I'd recommend you take some Bio-Freeze, Ben-Gay, or other rub-on ointment for sore muscles because we walked *miles* every day. Same for pain pills like aspirin, Advil, Aleve, etc... Also, sole inserts for your boots to cushion your feet and the best boot sox you can buy...for the same reason. Shooting sticks or a lightweight bipod might be necessary. I shot my moose at 380 yards and even though moose are huge, at that distance they are tiny. You're in for the trip of a lifetime. Good luck.


----------



## cointoss (Apr 9, 2001)

Ask for SCREECH:lol:; take the best rubber boots you can find, rain gear, and be prepared to walk. Greatest, most industrious people I have ever met, you will love it.


----------



## huntnfish2 (Jul 19, 2009)

Been there 8 times on moose and bear hunts. Great country and great people. Rubberboots (lacrosse burley worked great for me) and good rain gear are a must. Most of the island is bog and you need the boots. Storms seem to spin out over Newfoundland, so beprepared and take good rain gear.
Have had days sittiing in shorts on the dock followed bysnow a coupe days later. Aways hunted out of Parsons Pond area on the border of gros morne. Never went home without an animal. Where you headed? Aways did fly in camps and have had several times being stuck in both cowhead and camp due to dirty weather. Its a blast---have a great trip and let us know how you do. Who are you hunting with?


----------



## abefish1 (Jan 22, 2011)

We are going thru notch mountain outfitters out of Buchans. we are also driving and taking the ferry across. i appreciate the advice based on all of your experiences. And i will keep everyone informed


----------



## 7mmsendero (Dec 2, 2010)

Let us know what you think of driving and using the ferry. I might be interested in that someday.
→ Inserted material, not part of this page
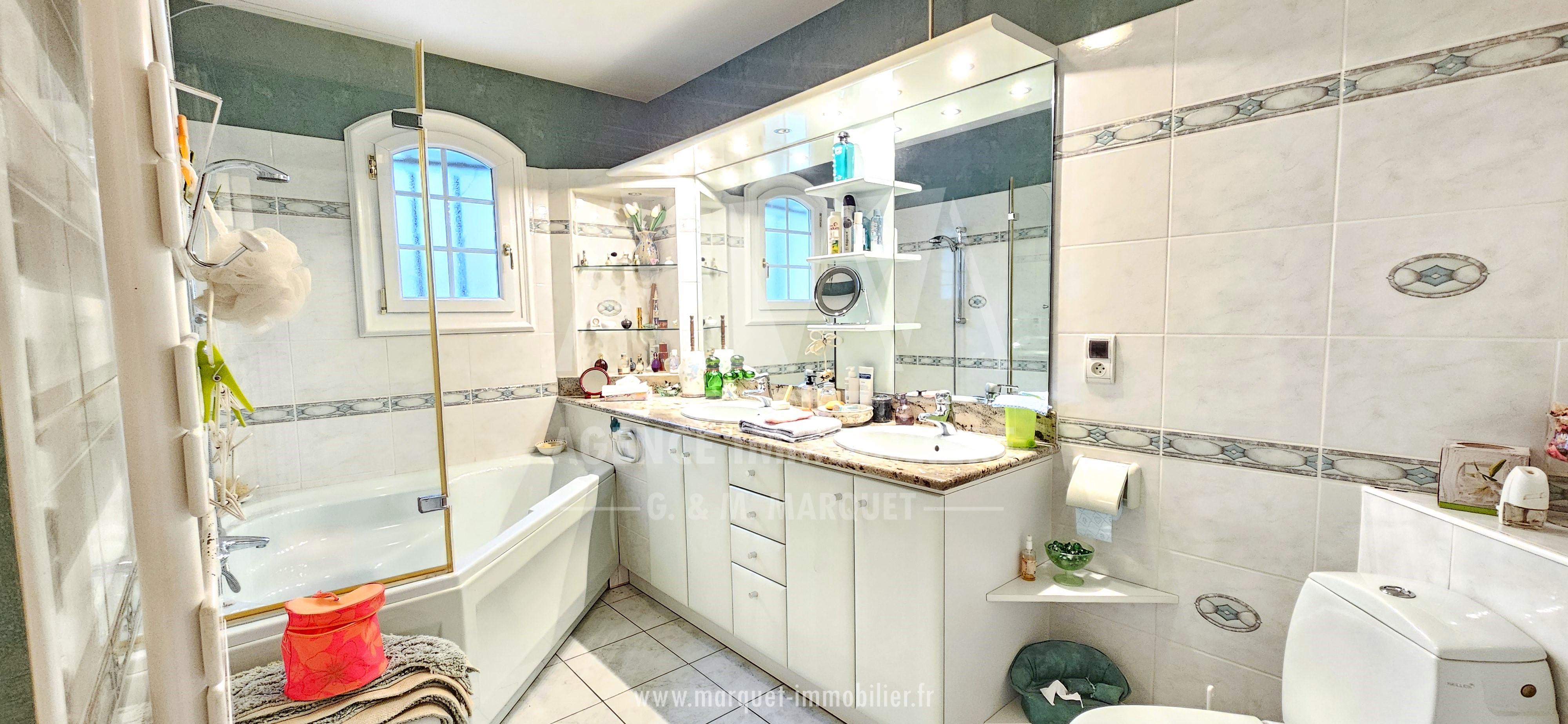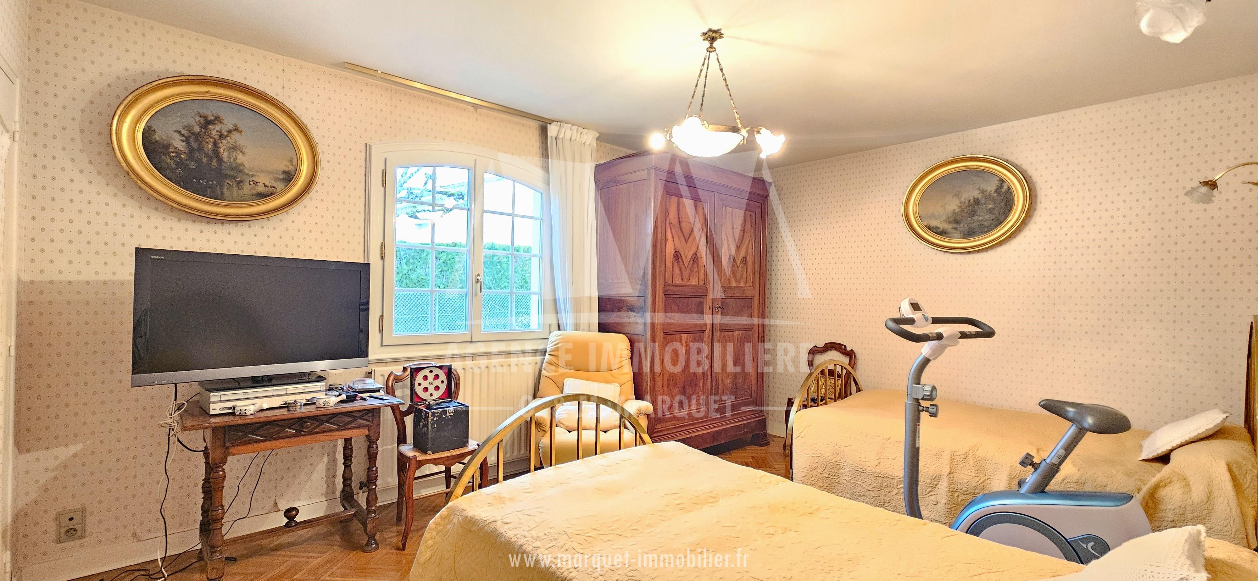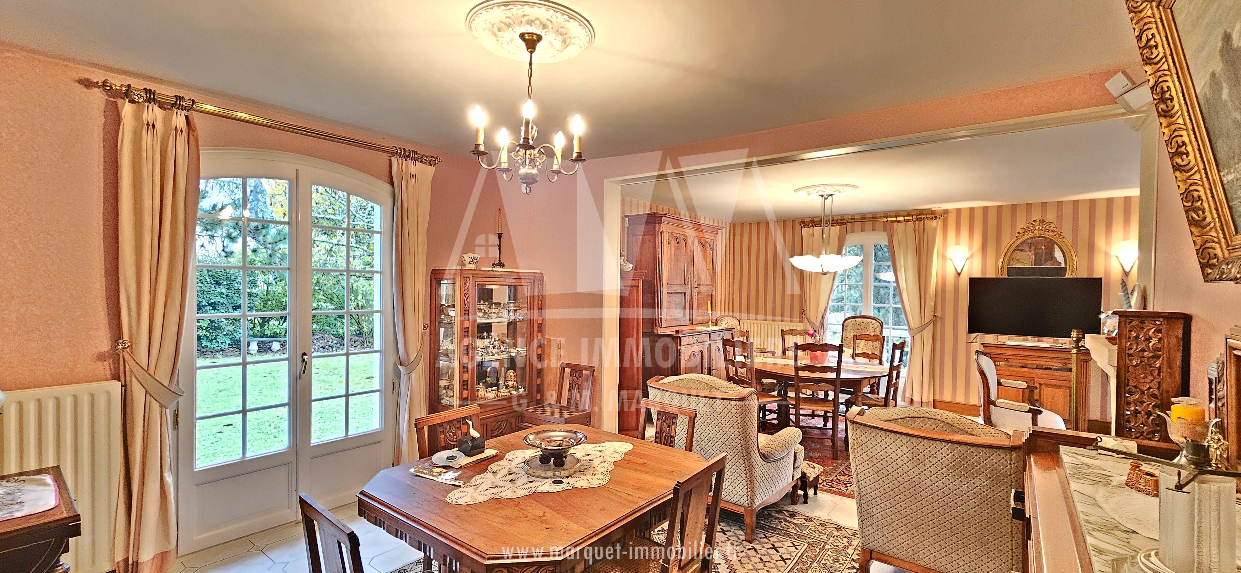 D'une entrée, à la suite du salon très lumineux de 28,10 m² avec cheminée ouvert sur la terrasse côté SUD, d'une partie séjour de 14,28 m² donnant accès sur la cuisine entièrement équipée de 14,28 m² avec éléments encastrés, d'une arrière cuisine de 19,14 m², d'un premier dégagement avec placards et un WC, un bureau pouvant se transformer en chambre de 12 m², d'un second dégagement desservant 3 chambres de 17,85, 14,14 et 12 m², d'une salle d’eau/WC (6,17)et d'une salle de bains/WC (6,86)

My dad and brother did a trip to new foundland, great trip. It is wet and they apparently drink some kind of a chicory beverage instead of coffee (at least in the camp they used). So take good rubber boots, rain gear and maybe some coffee would be a good idea.


----------



## A2Brit (Jun 6, 2012)

Its a long two day trip from Monroe to the ferry...but beautifull at this time of year. Went in 2009 and had a great time. Hunted with Gerry Pumphrey, and all 4 of us got bulls. I missed the biggest one when my Hawken fizzled on the first day...nice paddles, but it wasnt meant to be. Pay the extra and get a room on the ferry....you'll appreciate the rest! And there is a casino not too far from the ferry stop before you get on. We stopped in Bar Harbor on the way back...bought (8) six pound lobsters...they were still alive when we got home...NOTHING better than moose backstrap and lobster for a Surf-N-Turf dinner. have Fun!!


----------



## huntnfish2 (Jul 19, 2009)

How did you guys do on tje moose hunt? Pics?


----------



## 7mmsendero (Dec 2, 2010)

A2Brit said:


> Its a long two day trip from Monroe to the ferry...but beautifull at this time of year. Went in 2009 and had a great time. Hunted with Gerry Pumphrey, and all 4 of us got bulls. I missed the biggest one when my Hawken fizzled on the first day...nice paddles, but it wasnt meant to be. Pay the extra and get a room on the ferry....you'll appreciate the rest! And there is a casino not too far from the ferry stop before you get on. We stopped in Bar Harbor on the way back...bought (8) six pound lobsters...they were still alive when we got home...NOTHING better than moose backstrap and lobster for a Surf-N-Turf dinner. have Fun!!


Moose backstrap and fesh lobster? I heard that is served in Heaven.


----------